Relative cultural homogeneity during the colonial and early republic period meant that concepts of inclusion into public culture—particularly as enshrined in the law—were generally defined by European males, usually from wealthy families, who were overwhelmingly Protestant. The “blue” and Sunday closing laws, religious restrictions on voting and eligibility for election, prosecutions for blasphemy, and Bible reading in school were common reflections of the synthesis of Protestantism and U.S. public society. Some Catholic men did participate in the larger political culture—for instance, Charles Carroll of Carrollton, Maryland, was one of the signers of the Declaration of Independence—but by the American Revolution even the historically Catholic colony of Maryland was under Protestant political control.

Free African Americans, women, Jews, and the working classes were marginalized politically and, thus, rendered incapable of contributing to the larger cultural debates in other than occasional or indirect ways. Enslaved African Americans and Native Americans residing on reservations were specifically excluded by law. This meant that, for the most part, although all of these groups may have been the focus of public debate about the ethics of slavery or the rights of women, for example, they were never mistaken for fully vested members of U.S. society.

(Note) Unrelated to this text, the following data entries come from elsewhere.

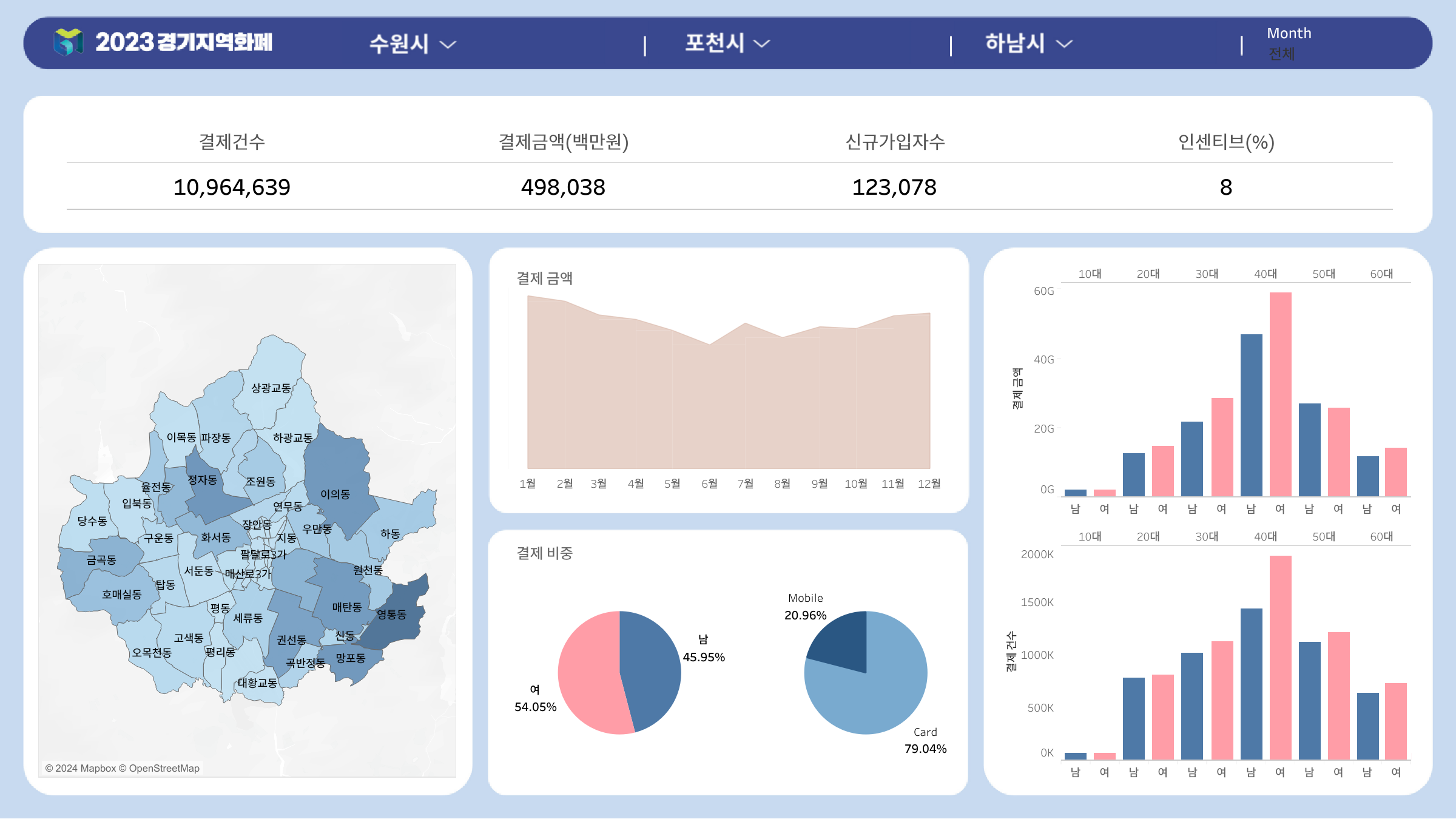 - 분석 결과를 바탕으로 남성 지원을 늘리고 여성 지역화폐 사용률을 높이자는 제안은 실용적이므로 실제 정책이나 마케팅 전략에 반영될 수 있어, 인사이트의 실용성이 높다.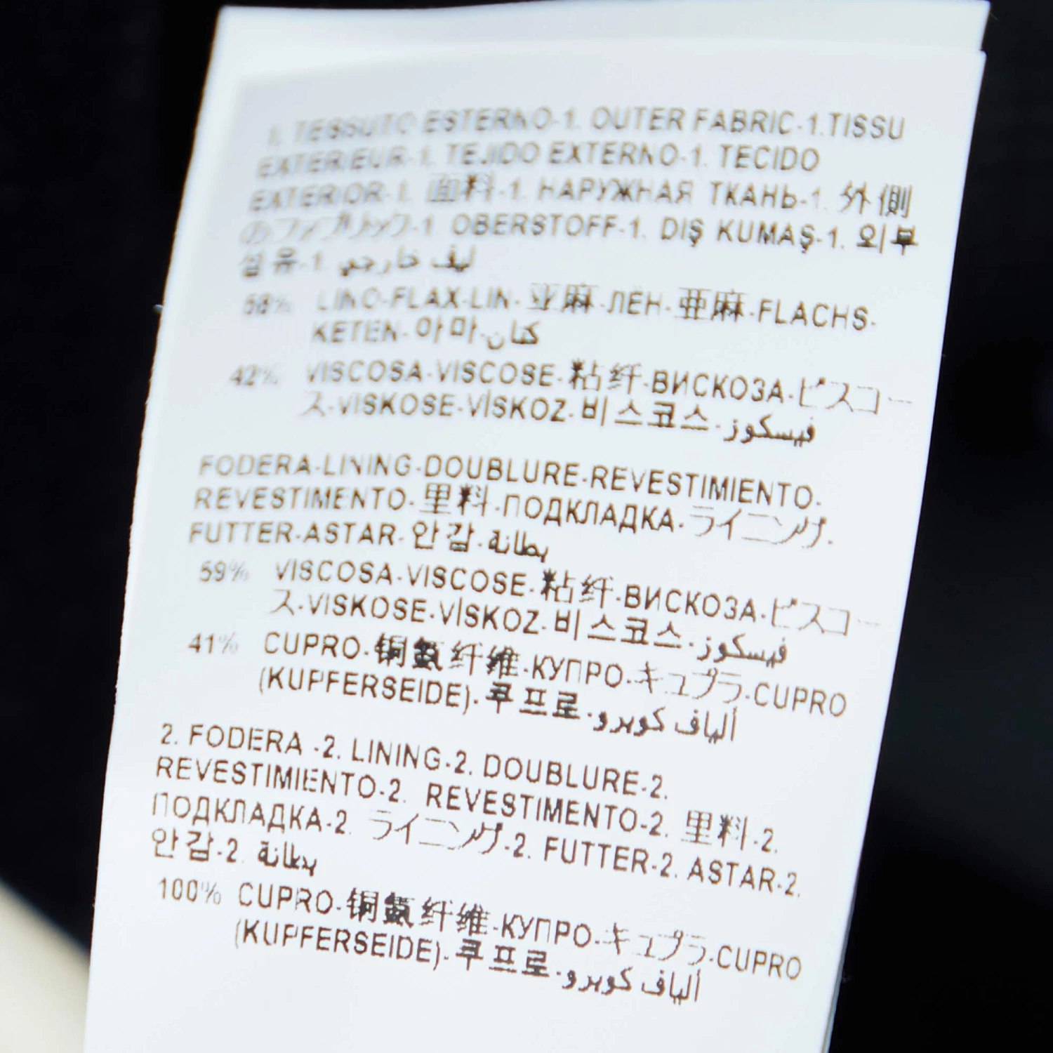 - Composition: Shell: 58%Linen, 42% Viscose ; Lining 1: 59% Viscose, 41% Cupro ; Lining 2: 100% Cupro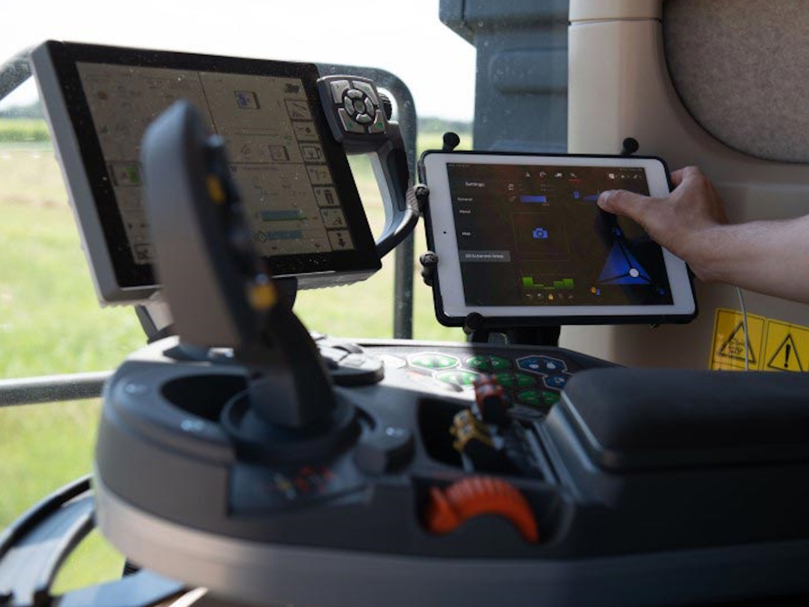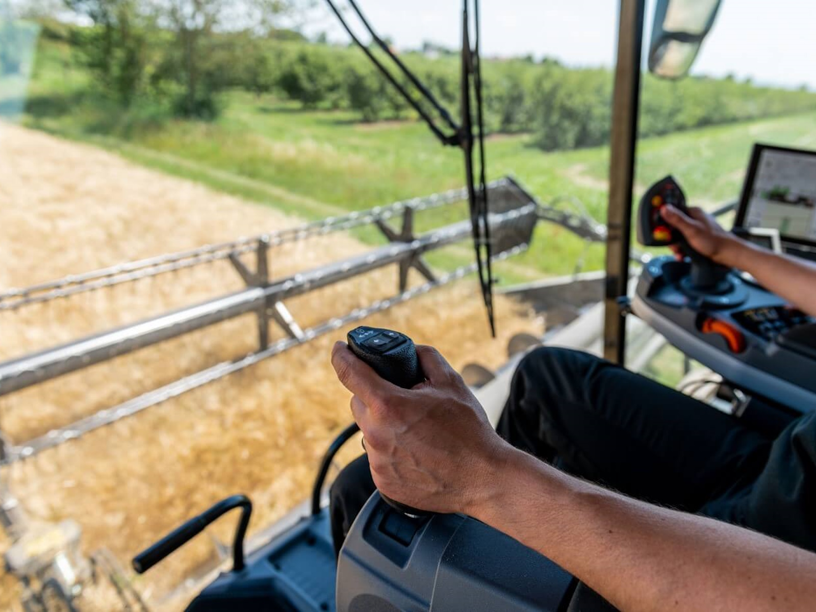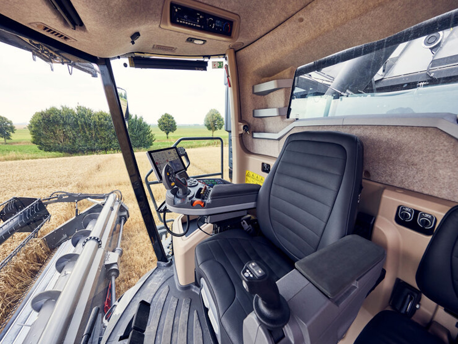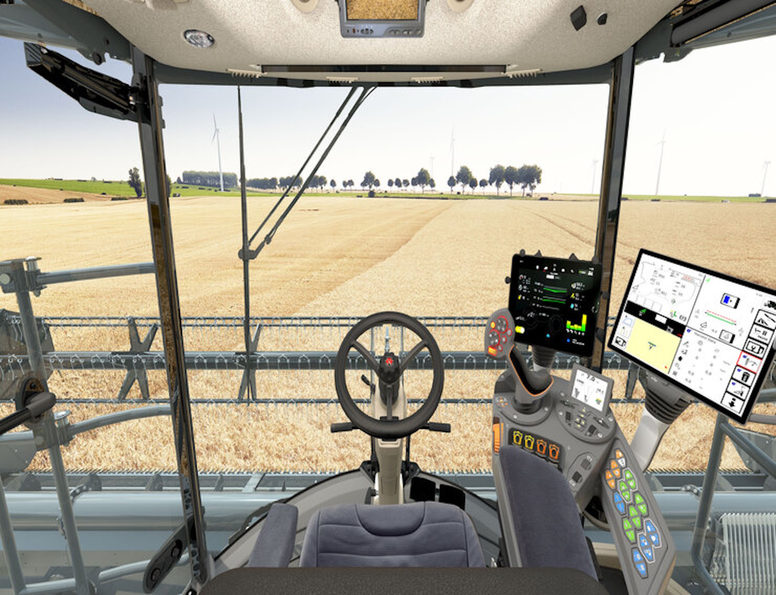 - It offers an unprecedented level of machine control and an even clearer view of the header. A joystick on the left armrest replaces the conventional steering wheel, while the PowerGrip lever on the right varies the speed and direction.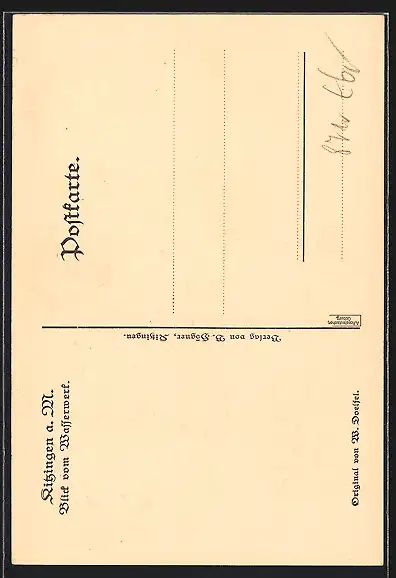 Personenbezogene Daten auf der Rückseite der Karte wurden durch blauen Textmarker unkenntlich gemacht. Die blauen Stellen sind auf die Vorderseite durchgeweicht und wirken sich negativ auf das Postkartenfoto aus
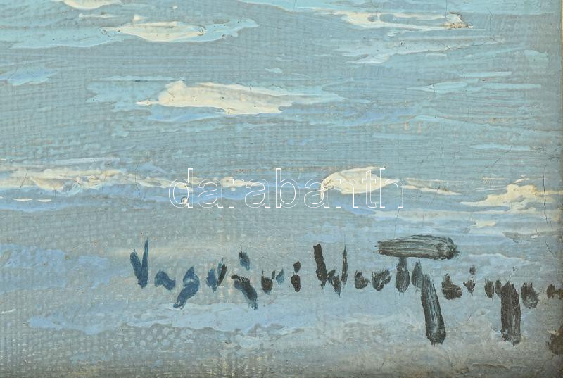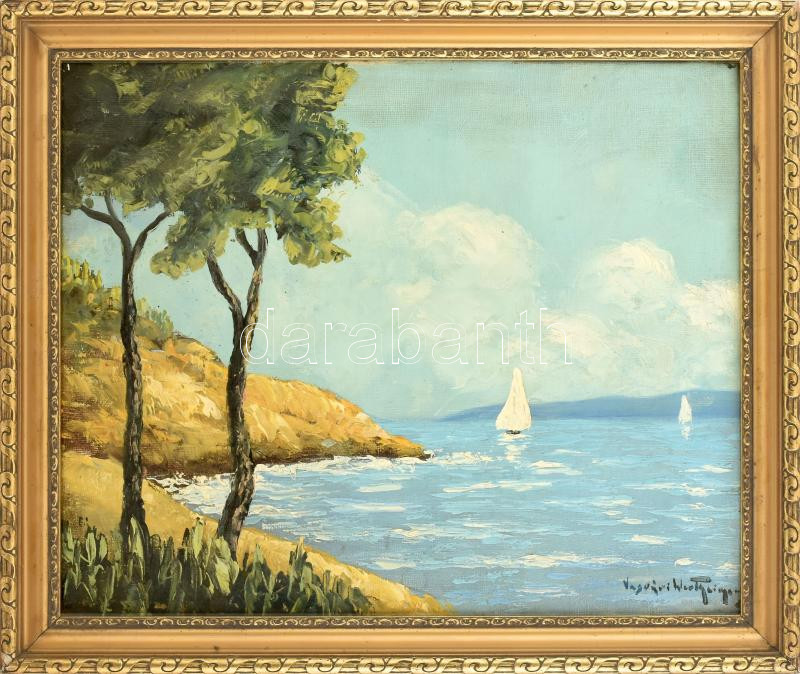 Leírás: Vasvári Wertheimer Sándor (?-?): Vitorlások. Olaj, vászon, jelzett, 40x50 cm. Dekoratív, sérült fakeretben.

This is not to suggest that there was universal agreement within the Euro-American Protestant world. Some scholars of the U.S. Constitution's First Amendment have suggested that its religious clauses were crafted specifically to protect the new federal government from serious and continuing denominational suspicions that dominated specific colonies as they became states. Given the relative homogeneity of the power elite, religion was the most tangible cultural distinction; a federal guarantee permitting the continuation of state religious establishments while disestablishing the federal government meant that, for example, Massachusetts Congregationalists and Virginia Episcopalians could reach a consensus on the new national charter.

The Impact of Immigration

By the 1840s, however, significant changes introduced challenges to the perceived Protestant monopoly on the “U.S.” identity. Roman Catholicism—established on the West Coast nearly a century before British Protestantism settled the East—became the largest single religious identity in the United States when the Methodists split North-and-South over slavery. In addition, increased immigration from Ireland and Germany meant an increased number of Roman Catholics in the United States. By the end of the 19th century, continued Catholic immigration coupled with a relative explosion in Jewish immigration (from Central and Eastern Europe), as well as the beginnings of Eastern Orthodox immigration from the Baltic and Mediterranean states, meant that the religious complexion of the country was changing.